Steve browned the meat over high heat in a cast iron pan while I made the braising liquid by combining:
- 1/2 cup beef broth
- 3 tablespoons hoisin sauce
- 1 tablespoon dark soy sauce
- 1 tablespoon low sodium soy sauce (or else just use 2 T of one type of soy sauce)
- 1 tablespoon sesame oil
- 1 tablespoon balsamic vinegar (I don't actually remember putting this in but I thought I followed the recipe mostly)
- 1 cup organic dried, pitted prunes
After browning, we cut each hunk of meat in half so that each piece was roughly the size of a deck of cards (that whole rule). We placed the meat and two roughly chopped onions in the crock pot and poured the braising liquid over the top. Then, we deglazed the pan using a half a cup of water and poured the glaze into the crock pot too.
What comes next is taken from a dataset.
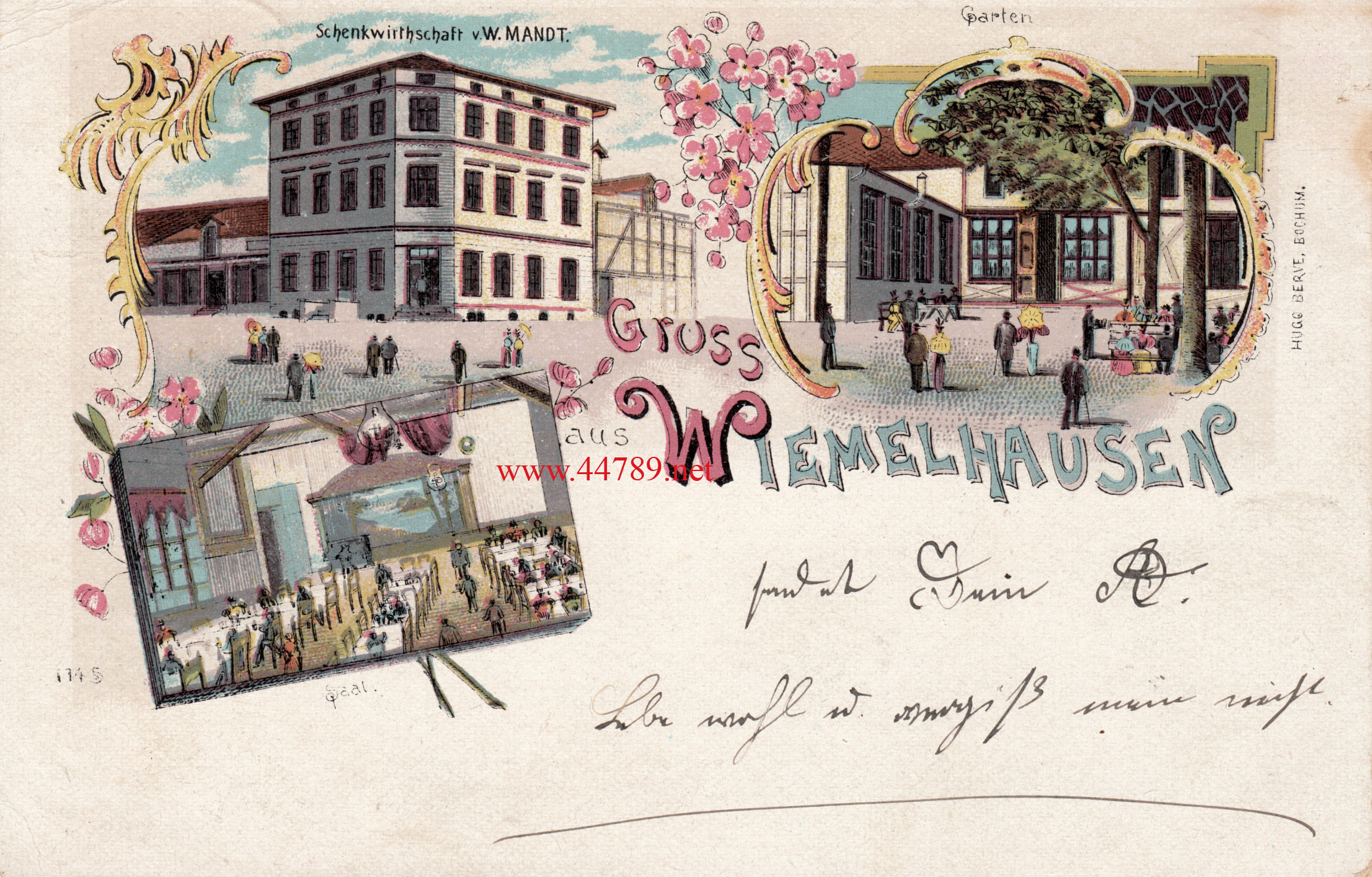 Wiemelhauser Str. 175. Ansichtskarte von 1899. Das Haus befand sich etwa dort, wo die Bahnlinie ("Springorum-") bzw. Waldring (damals noch Waldstraße) die Wiemelhauser Straße querte. Heute total verändert durch "Tieferlegung" der Uni-Str. mit Brückenbau. (Foto noch größer sehen - hier klicken!) |

Finally (well, finally for a few hours), we turned the crock pot on high for four hours. Low for longer time would probably be better, but it was already two and our friends were coming at six!!
We made some rice (duh) and also prepared some baby bok choy. We sauteed the bok choy, then lightly sauced it with a 1-to-1 ratio of rice wine and oyster sauce.
Here's a picture the next day, after all the bok choy was consumed and before we made the sauce.
We put the leftovers in a fridge for a night so that the fat could solidify. After skimming the fatty layer off the braising liquid, we pureed the onion and prunes and add two T of fig jam. This created a thicker, more flavorful sauce, and once that sauce was created, there were no more photo ops because we gobbled it all down too quickly.